Exercise prompt: What you should give back is a precise copy of the lines below from the one containing "The ends of" through the one containing "- EUR/GBP subió", with no pictures.

Given entries:
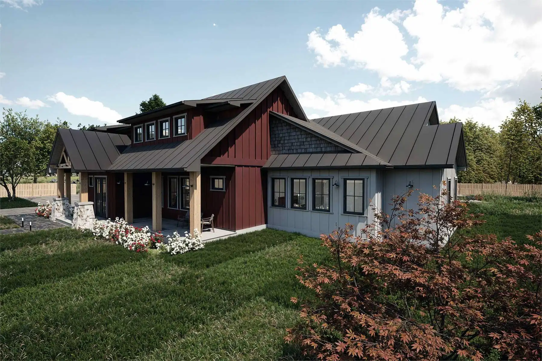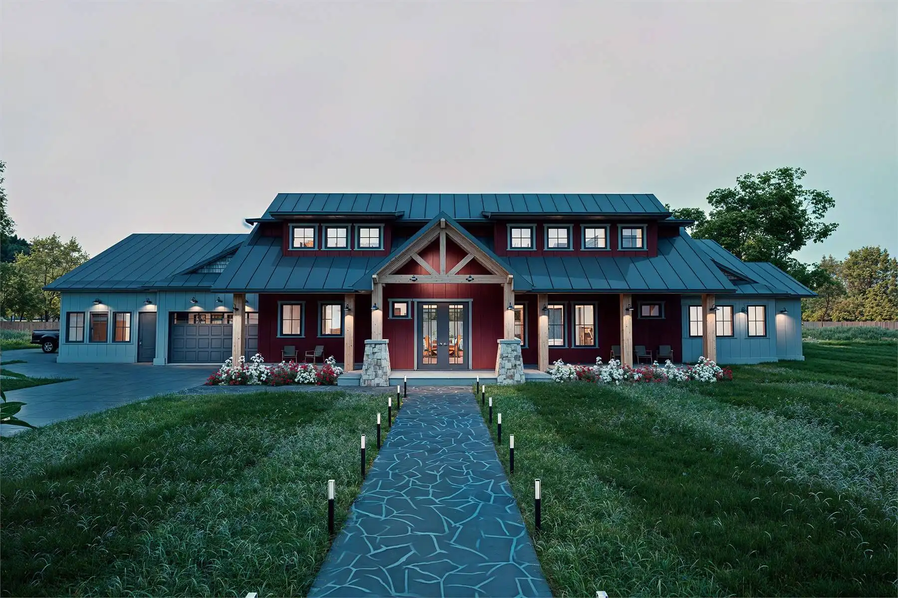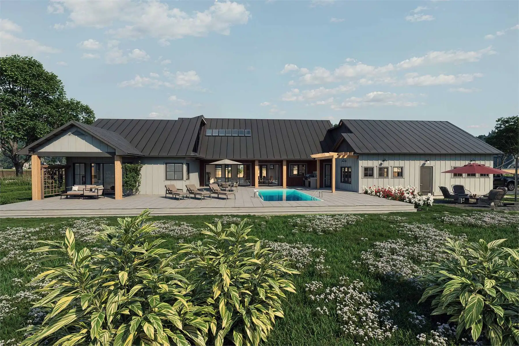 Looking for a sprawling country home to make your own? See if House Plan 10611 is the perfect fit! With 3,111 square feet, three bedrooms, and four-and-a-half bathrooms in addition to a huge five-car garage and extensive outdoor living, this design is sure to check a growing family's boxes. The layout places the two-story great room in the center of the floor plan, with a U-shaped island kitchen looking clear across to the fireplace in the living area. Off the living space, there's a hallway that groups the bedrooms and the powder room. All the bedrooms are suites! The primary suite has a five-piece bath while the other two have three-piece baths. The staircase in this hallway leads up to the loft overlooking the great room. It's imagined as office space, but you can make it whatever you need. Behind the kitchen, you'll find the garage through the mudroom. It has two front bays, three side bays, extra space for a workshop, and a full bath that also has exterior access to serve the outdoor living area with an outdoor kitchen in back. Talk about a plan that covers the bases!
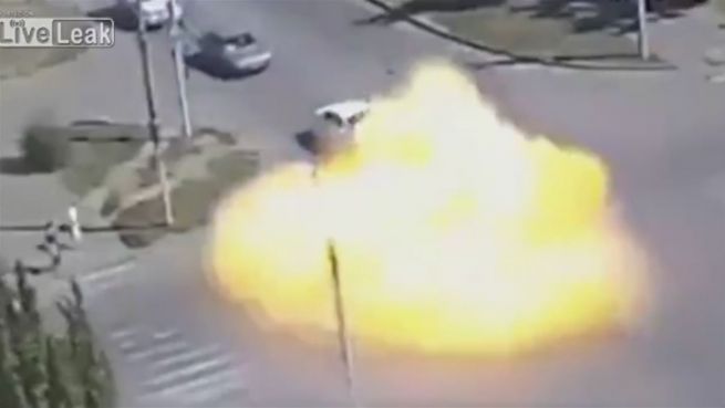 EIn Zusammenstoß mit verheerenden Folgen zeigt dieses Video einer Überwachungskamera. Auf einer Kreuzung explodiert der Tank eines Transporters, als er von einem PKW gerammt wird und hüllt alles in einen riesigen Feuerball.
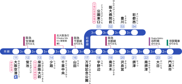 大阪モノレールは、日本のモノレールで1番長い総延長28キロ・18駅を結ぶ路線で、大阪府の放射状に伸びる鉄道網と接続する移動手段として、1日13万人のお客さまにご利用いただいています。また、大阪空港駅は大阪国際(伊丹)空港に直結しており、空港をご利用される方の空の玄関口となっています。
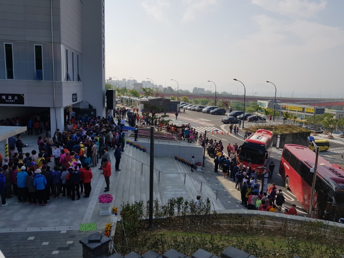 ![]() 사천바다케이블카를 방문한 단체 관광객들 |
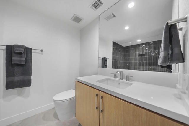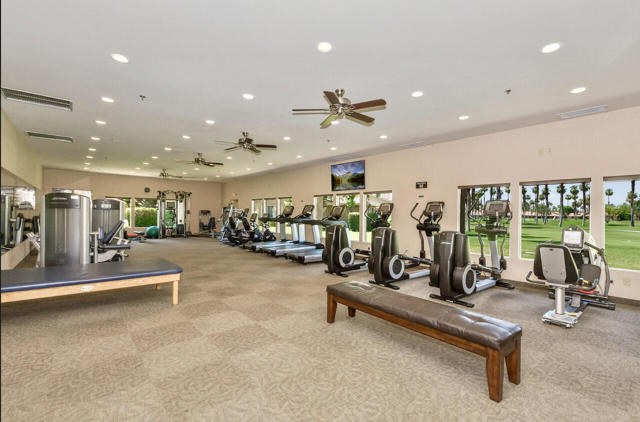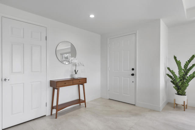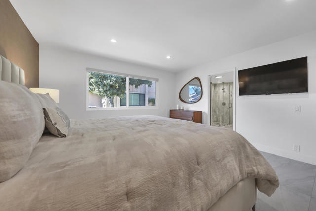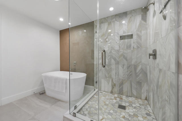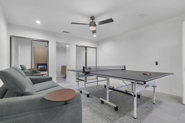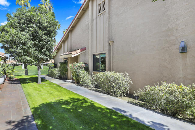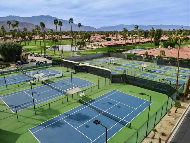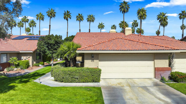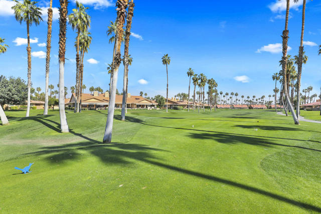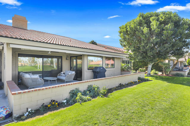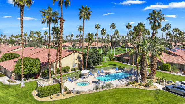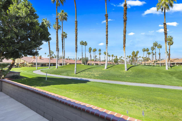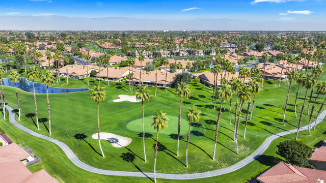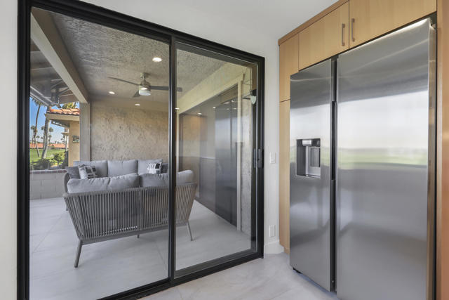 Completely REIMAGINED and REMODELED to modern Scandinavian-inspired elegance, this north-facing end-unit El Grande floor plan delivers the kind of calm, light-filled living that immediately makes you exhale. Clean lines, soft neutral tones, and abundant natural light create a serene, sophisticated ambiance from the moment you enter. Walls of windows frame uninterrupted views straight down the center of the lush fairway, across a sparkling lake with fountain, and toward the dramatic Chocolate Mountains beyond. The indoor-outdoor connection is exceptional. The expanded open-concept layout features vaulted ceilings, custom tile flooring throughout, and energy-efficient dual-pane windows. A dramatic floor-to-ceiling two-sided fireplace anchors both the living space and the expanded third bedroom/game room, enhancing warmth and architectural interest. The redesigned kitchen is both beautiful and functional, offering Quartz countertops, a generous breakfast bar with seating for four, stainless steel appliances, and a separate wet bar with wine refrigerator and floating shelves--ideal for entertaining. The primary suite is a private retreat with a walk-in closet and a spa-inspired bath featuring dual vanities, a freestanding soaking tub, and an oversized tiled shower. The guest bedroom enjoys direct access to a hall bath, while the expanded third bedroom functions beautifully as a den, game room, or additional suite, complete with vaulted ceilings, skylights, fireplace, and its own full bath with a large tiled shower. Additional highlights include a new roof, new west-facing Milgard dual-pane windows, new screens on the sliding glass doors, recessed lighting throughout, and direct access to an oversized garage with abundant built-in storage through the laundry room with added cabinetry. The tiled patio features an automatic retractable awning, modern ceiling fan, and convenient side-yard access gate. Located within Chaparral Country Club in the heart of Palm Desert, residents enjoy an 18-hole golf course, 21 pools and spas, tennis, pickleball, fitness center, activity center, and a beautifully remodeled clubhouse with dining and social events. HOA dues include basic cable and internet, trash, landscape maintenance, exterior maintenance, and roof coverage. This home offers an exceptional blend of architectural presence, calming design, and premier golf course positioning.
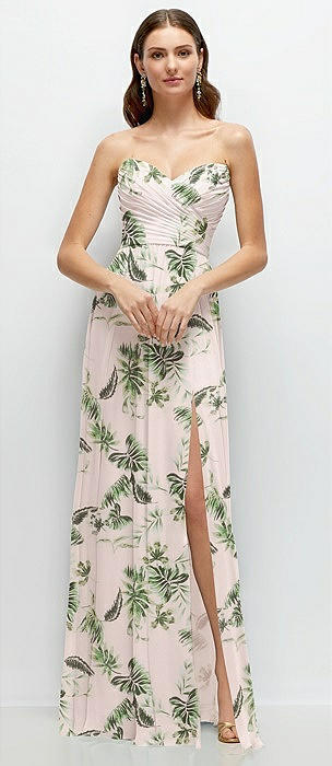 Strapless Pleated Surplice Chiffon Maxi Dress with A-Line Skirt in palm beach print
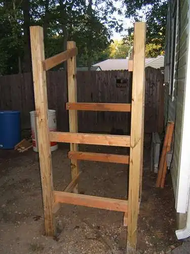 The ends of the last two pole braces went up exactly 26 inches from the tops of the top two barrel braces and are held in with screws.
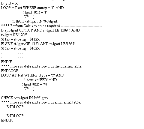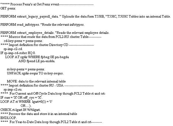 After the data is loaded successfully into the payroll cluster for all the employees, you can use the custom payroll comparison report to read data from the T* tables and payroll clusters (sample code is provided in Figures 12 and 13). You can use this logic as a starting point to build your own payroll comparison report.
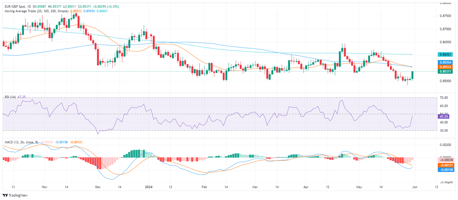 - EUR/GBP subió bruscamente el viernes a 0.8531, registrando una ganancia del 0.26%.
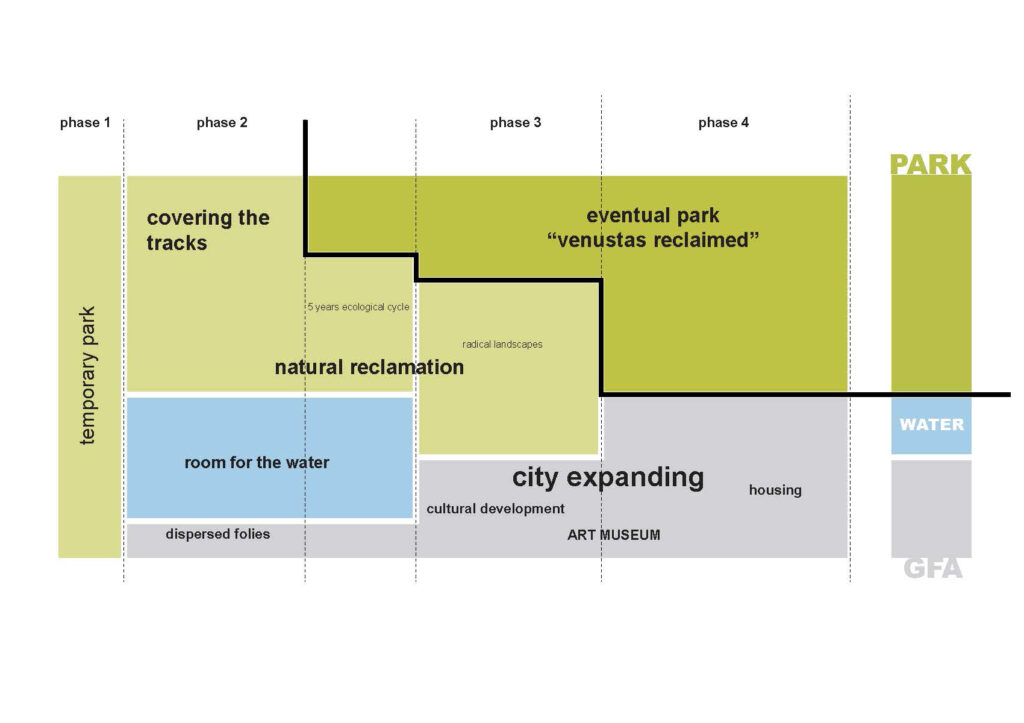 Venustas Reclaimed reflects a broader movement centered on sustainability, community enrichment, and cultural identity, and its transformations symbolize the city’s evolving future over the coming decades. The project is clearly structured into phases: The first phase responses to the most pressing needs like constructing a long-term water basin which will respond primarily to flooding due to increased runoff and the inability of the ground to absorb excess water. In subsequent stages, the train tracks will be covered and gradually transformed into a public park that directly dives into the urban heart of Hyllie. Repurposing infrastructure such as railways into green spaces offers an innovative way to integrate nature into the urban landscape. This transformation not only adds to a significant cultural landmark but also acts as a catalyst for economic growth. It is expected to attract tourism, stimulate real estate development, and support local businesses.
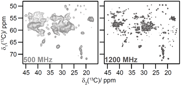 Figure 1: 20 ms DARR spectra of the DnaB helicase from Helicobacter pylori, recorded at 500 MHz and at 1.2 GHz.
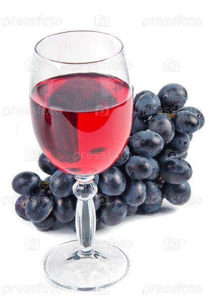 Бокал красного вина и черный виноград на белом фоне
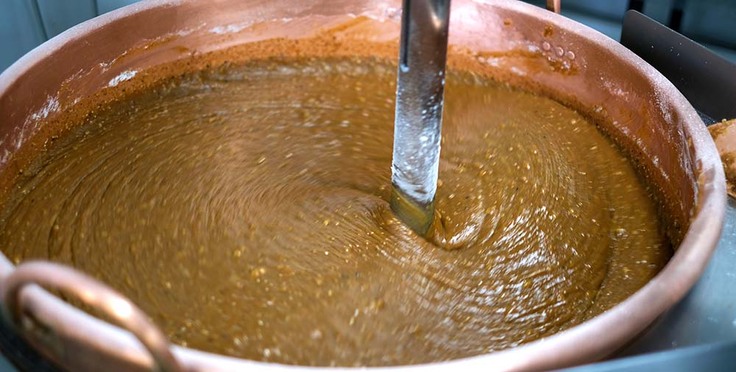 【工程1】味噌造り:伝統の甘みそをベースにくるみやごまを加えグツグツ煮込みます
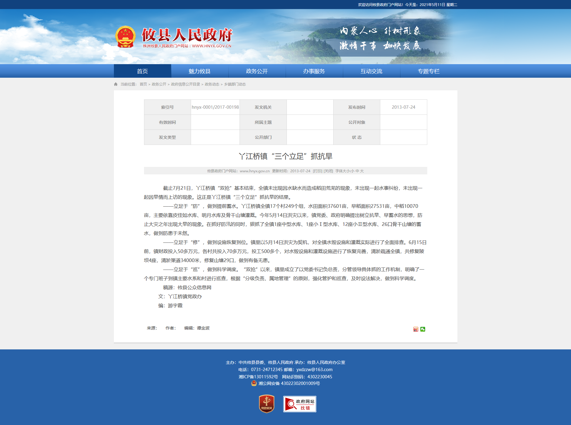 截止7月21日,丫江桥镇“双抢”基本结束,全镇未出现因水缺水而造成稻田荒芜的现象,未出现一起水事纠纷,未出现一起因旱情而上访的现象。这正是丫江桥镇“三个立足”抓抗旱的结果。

Written answer:
 The ends of the last two pole braces went up exactly 26 inches from the tops of the top two barrel braces and are held in with screws.
 After the data is loaded successfully into the payroll cluster for all the employees, you can use the custom payroll comparison report to read data from the T* tables and payroll clusters (sample code is provided in Figures 12 and 13). You can use this logic as a starting point to build your own payroll comparison report.
 - EUR/GBP subió bruscamente el viernes a 0.8531, registrando una ganancia del 0.26%.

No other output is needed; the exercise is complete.